Spotify, globalny lider w zakresie streamingu muzyki, złożył prospekt emisyjny i już wkrótce jego akcje będą dostępne do kupienia na giełdzie przez inwestorów. Cena emisyjna może się wahać w okolicach 132,5 dolarów - obecnie spółka wyceniana jest na około 23 miliardy dolarów. Inwestorzy mogli dużo dowiedzieć się z prospektu emisyjnego Spotify - o bieżącej sytuacji finansowej, liczbie użytkowników oraz prognozach na najbliższe lata.

Spotify to szwedzka spółka, która jest popularna wśród millenialsów. Spółka dostarcza streaming muzyki dla ponad 230 milionów użytkowników w 61 krajach, z czego 70 milionów użytkowników wykupiło płatną usługę Spotify Premium - bez reklam oraz z możliwością tworzenia własnych kolekcji (wzrost o 46% w stosunku rocznym).
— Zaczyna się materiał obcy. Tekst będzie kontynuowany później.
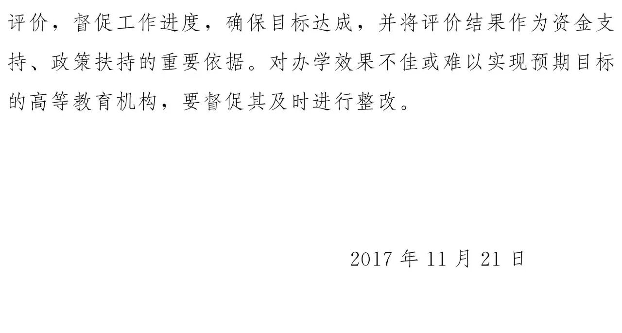 资金支持:设立100亿元高等教育发展专项资金,用于支持引进优质高等教育机构;对引进的非独立法人国内外优质高等教育机构,第一年给予不低于500万元启动补助资金;对引进的具有独立法人资格的国内外优质高等教育机构,第一年给予不低于1000万元启动补助资金。以后年度按公办院校标准给予生均公用经费补助。

Pod względem liczby użytkowników Spotify znacznie wyprzedza pozostałe spółki takie jak Apple (AAPL  ), Google (GOOGL  ) czy Tidal, które także świadczą usługi w zakresie streamingu muzyki - na przykład Apple Music ma tylko 36 milionów użytkowników. Prezesem zarządu firmy jest Daniel Ek, który jest współzałożycielem firmy. Spotify zatrząsł rynkiem muzycznym, ponieważ pozwolił użytkownikom na wybór piosenek z biblioteki 35 milionów utworów.
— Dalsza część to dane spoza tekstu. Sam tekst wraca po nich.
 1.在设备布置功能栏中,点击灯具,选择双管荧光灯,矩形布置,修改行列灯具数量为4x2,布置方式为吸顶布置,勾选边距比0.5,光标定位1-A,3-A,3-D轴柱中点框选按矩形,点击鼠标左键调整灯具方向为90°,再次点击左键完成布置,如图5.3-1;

W prospekcie emisyjnym spółka ujawniła swoje finanse. Z roku na rok Spotify odnotowuje zwiększone przychody - w 2015 roku było to 2,37 miliarda dolarów, natomiast w 2017 roku odnotowała już przychód w wysokości blisko 5 miliardów dolarów. Pomimo wzrostu przychodów spółka odnotowała 1,5 miliarda dolarów straty za zeszły rok, z czego miliard powstał w wyniku dwustronnej transakcji ze spółką zależną chińskiej firmy Tencent Music Entertainment - firmy wymieniły się udziałami. W ostatnim czasie Tencent dokonał ekspansji zagranicznej i nawiązał współpracę m.in. z Teslą (TSLA  ) oraz Snapchatem (SNAP  ), a także hinduskimi firmami: Flipkart, portalem zdrowotnym Practo oraz konkurentem Ubera - Ola.
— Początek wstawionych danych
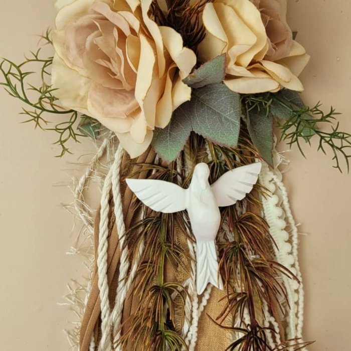 O Pendente Espírito Santo é uma peça artesanal única, medindo 44x20cm. Ele é confeccionado com barbantes, fitas e cordões variados, todos em tons suaves de nude, creme e bege claro, que criam uma atmosfera delicada e serena. O pendente é adornado com flores creme e pequenos verdes outonais, que adicionam um toque de frescor e elegância à peça. No centro, o Espírito Santo é destacado, simbolizando proteção e espiritualidade. Este pendente é perfeito para decorar ambientes com um toque sutil e sofisticado, ideal para quem busca uma decoração com significado e beleza.

W prospekcie Spotify przedstawił także swój model biznesowy i zwrócił uwagę na potencjalne ryzyko związane z wysokością tantiem wypłacanych artystom. Od 2006 roku Spotify wypłacił artystom ponad 9,76 miliardów dolarów w postaci tantiem i praw. W celu uzyskania legalnego dostępu do tysięcy utworów Spotify podpisało umowę z trzema największymi studiami nagrań - Universal Music Group, Sony Music Entertainment Group oraz Warner Music Group. W ostatnim czasie spółka została oskarżona o łamanie praw autorskich przez Wixen Music Publishing, którzy wycenili szkody na 1,6 miliarda dolarów. Ponadto jej model biznesowy i sposób wypłaty tantiem posiada pewne luki. Zostały one wykorzystane przez obywateli Bułgarii, którzy znaleźli sposób na wypłatę wysokich tantiem za utwory, których nikt nie słuchał - w ten sposób zarobili ponad pół miliona dolarów. Do tego spółka musi zapłacić za udostępnianie utworów publicznie (performance rights) oraz tantiemy za rozpowszechnienia utworów bez względu na nośnik. Spółka stara się zwiększyć marżę, ale większość jej przychodów jest przeznaczana na tantiemy. Spotify starała się tworzyć oryginalne treści wideo, ale nie udało się jej osiągnąć dodatkowych znaczących źródeł przychodów poza miesięczną opłatą członkowską pobieraną od abonentów i wpływów z reklam.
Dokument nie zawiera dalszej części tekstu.